Mocko Cloud

Local Tunnels

A Local Tunnel connects a port on your machine to your Cloud project. Requests to your public host reach the service you are running locally, and your mocks still apply on top. It is a way to put a real, in-progress backend behind the same URL your team already uses.

Local Tunnels are currently in beta.

Why tunnel instead of proxy

A project's proxy URL reaches a backend that is already accessible on the internet. A tunnel is for the backend that is not: a service on localhost behind your firewall or NAT. The tunnel opens a secure connection outward from your machine, so the Cloud can forward requests to it without you exposing a port.

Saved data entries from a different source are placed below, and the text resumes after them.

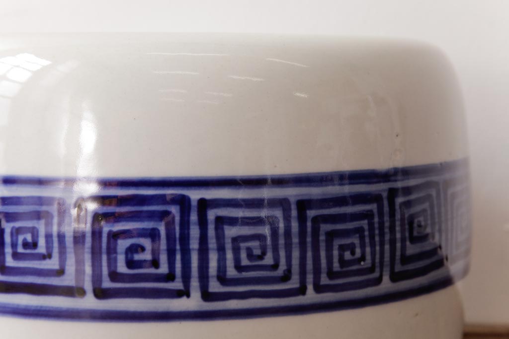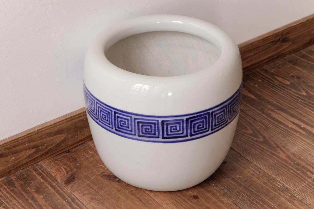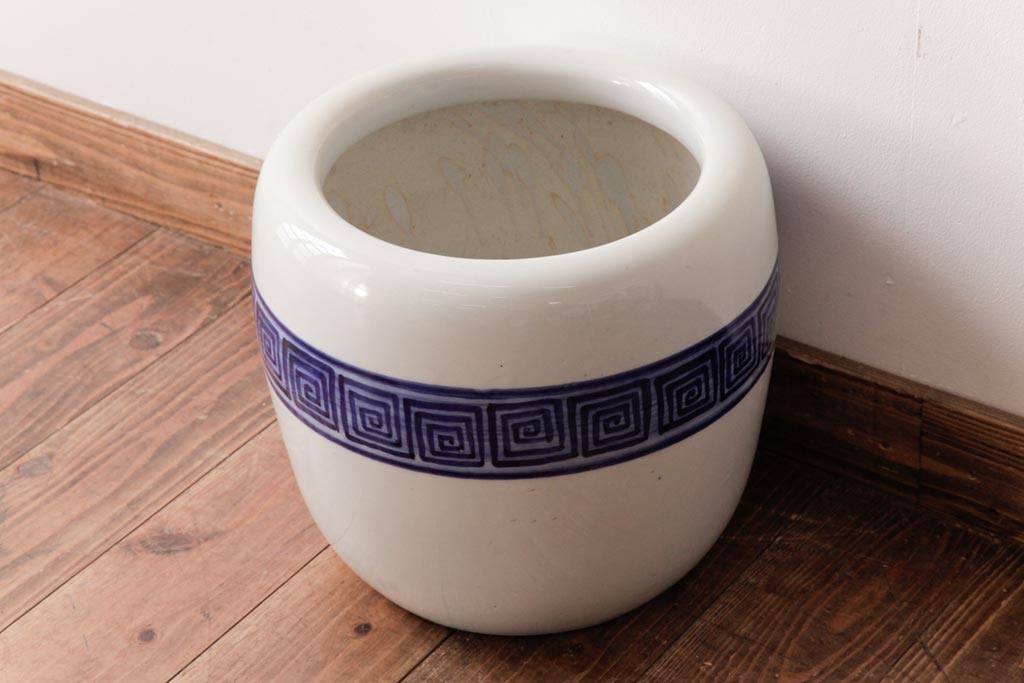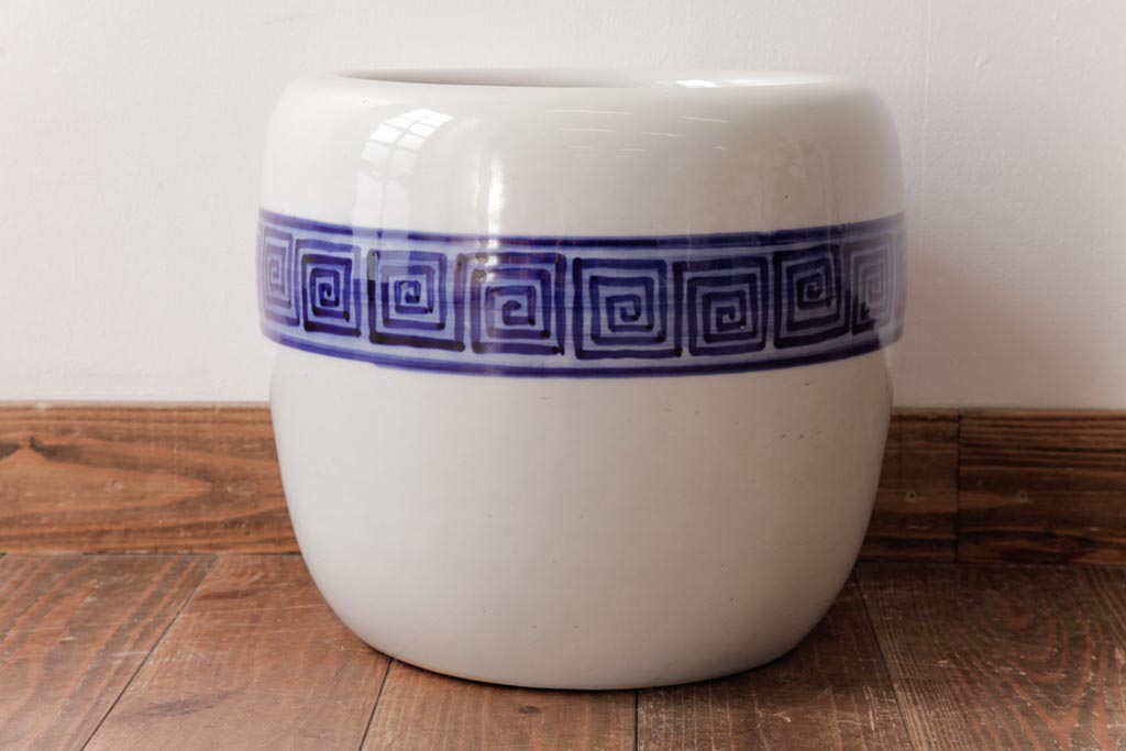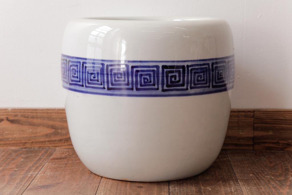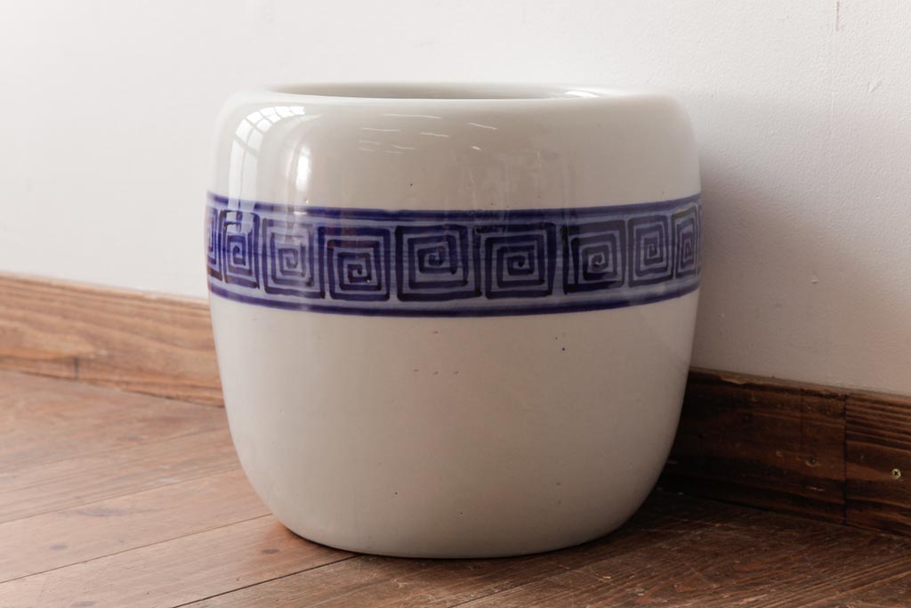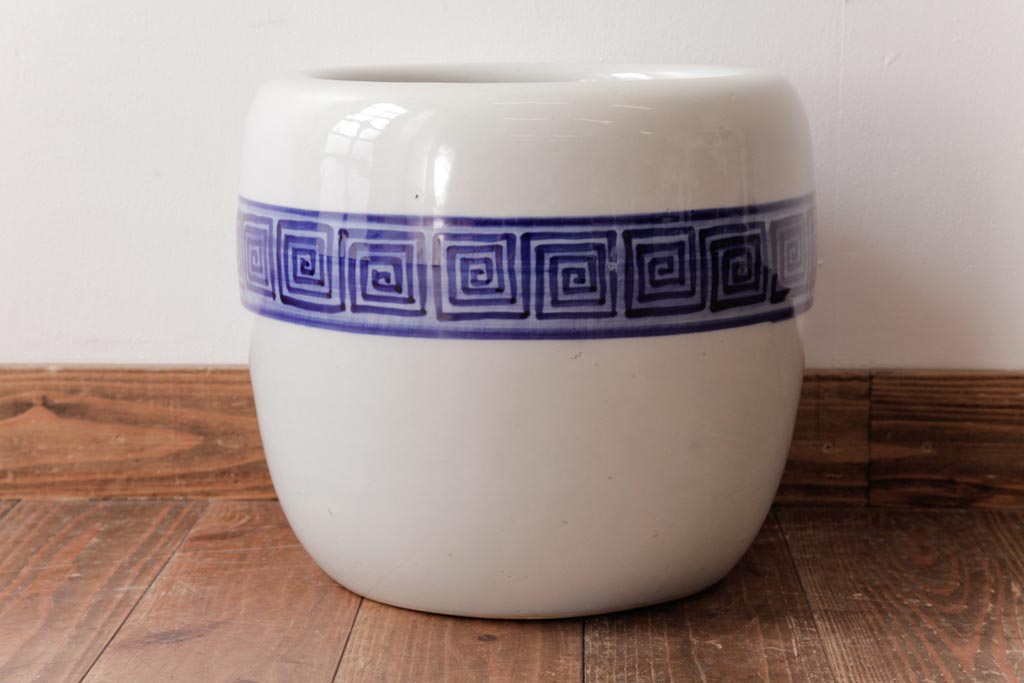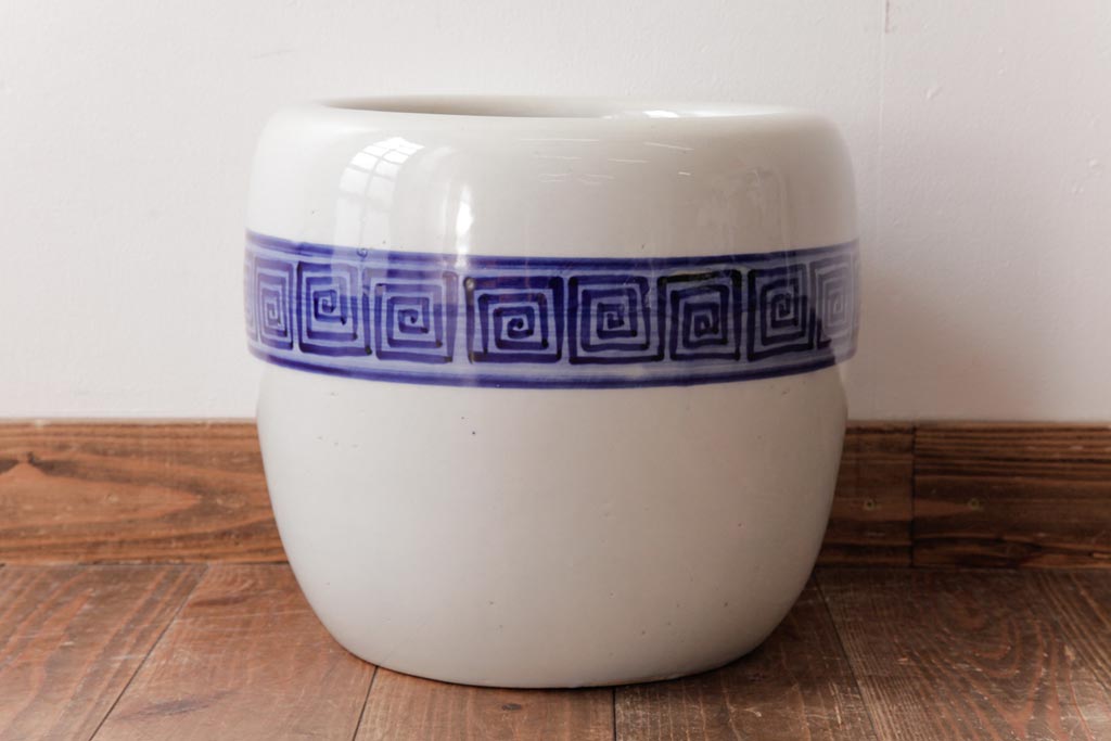 アンティーク雑貨 昭和初期 雷文模様 エキゾチックな雰囲気の瀬戸火鉢(鉢カバー)
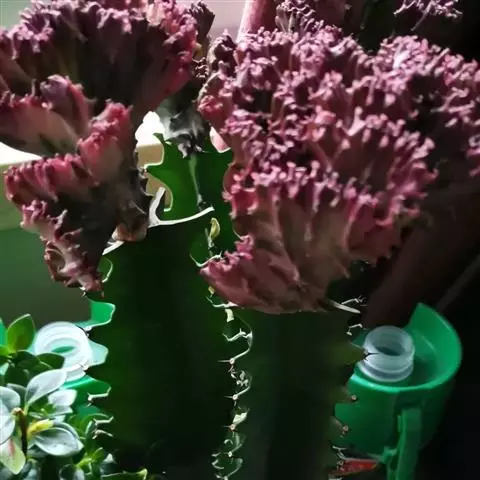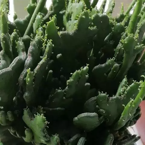 魁伟玉原产南非,是一种大戟科的多年生肉质植物,植株具粗圆筒形肉质茎,有10条以上的突出棱,…
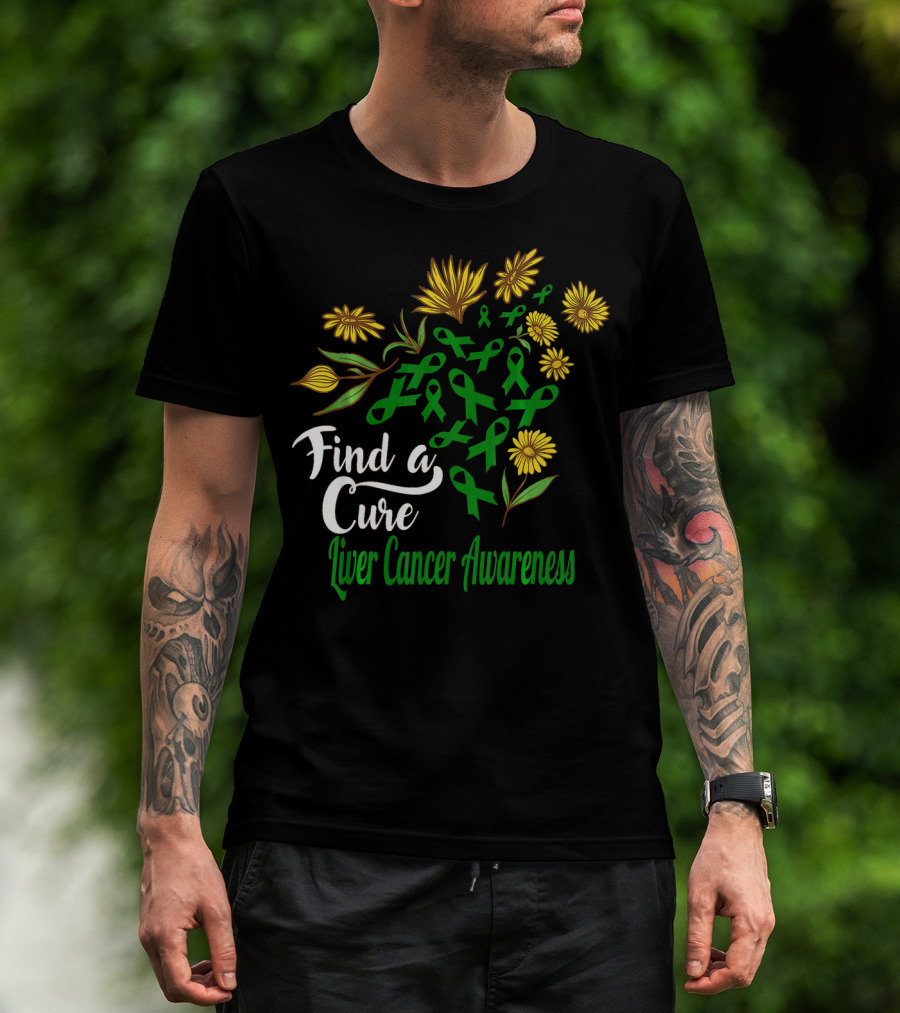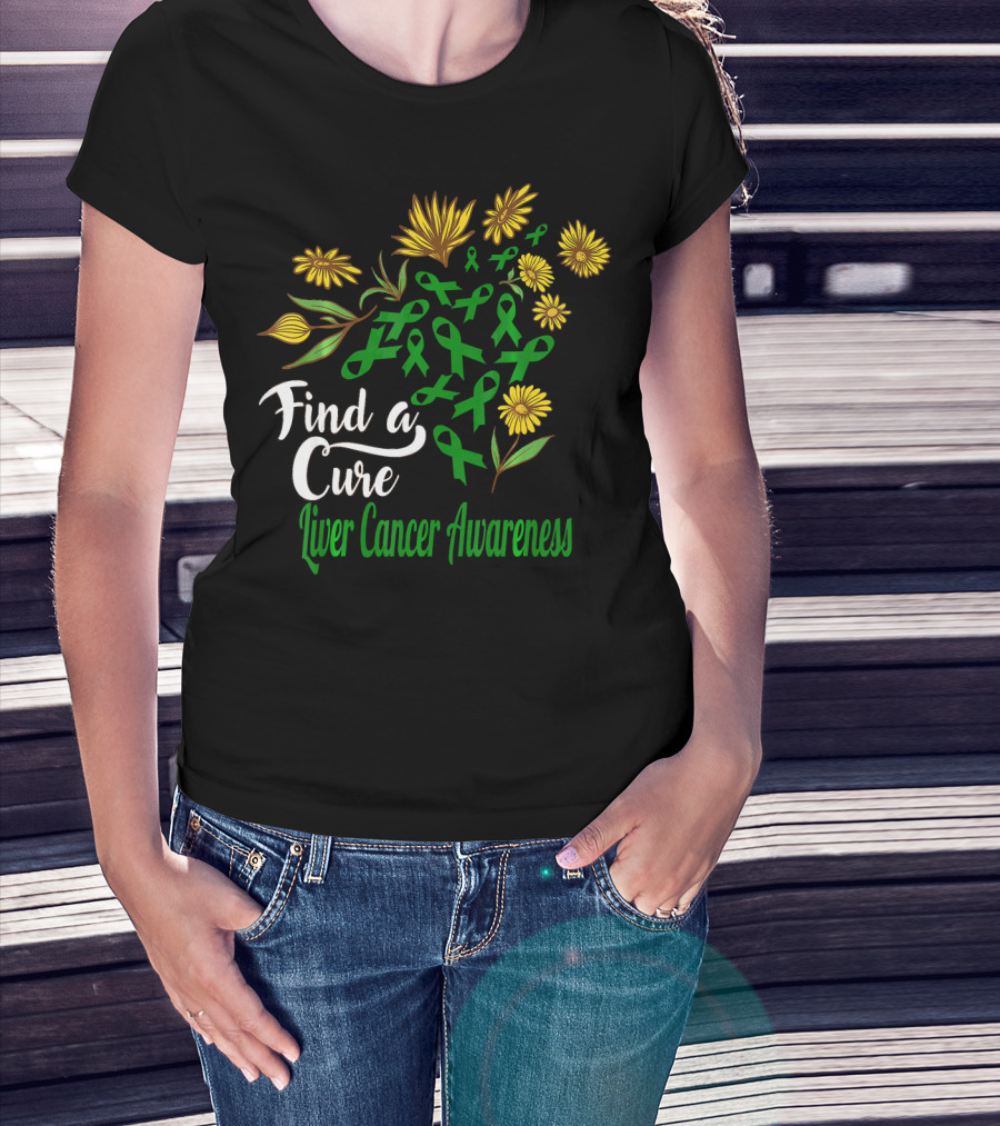 Find A Cure Liver Cancer Awareness Sunflower Ribbons T-Shirt

Because your mocks sit in front of the tunnel, you can override individual endpoints of a local service without touching its code, and watch every request that flows through in Request Logs.

Install the tunnel client

The tunnel runs as a small command-line client, installed globally from npm:

$npm install -g @mocko/tunnel

It exposes two equivalent commands, mocko-tunnel and the shorter mlt.

Get your tunnel token

A token authorizes the client to connect to your project. Open the Tunnels view in the control panel, enable Local Tunnel for the project, and copy the generated token. The token belongs to the project, so anyone with it can tunnel into that host: treat it like a secret.

Open the tunnel

Point the client at the local port you want to expose. If your service runs on port 8080:

$mocko-tunnel 8080

The client prompts for the token the first time. You can also pass it directly, which is handy in scripts:

$mocko-tunnel 8080 --token <your-tunnel-token>

While the tunnel is open, requests to your public host that no mock handles are delivered to your local service on port 8080. Stop the client and the tunnel closes.

A tunnel and a proxy URL both handle the requests your mocks do not. Reach for the tunnel when the backend only exists on your machine, and for the proxy URL when it is already reachable on the network.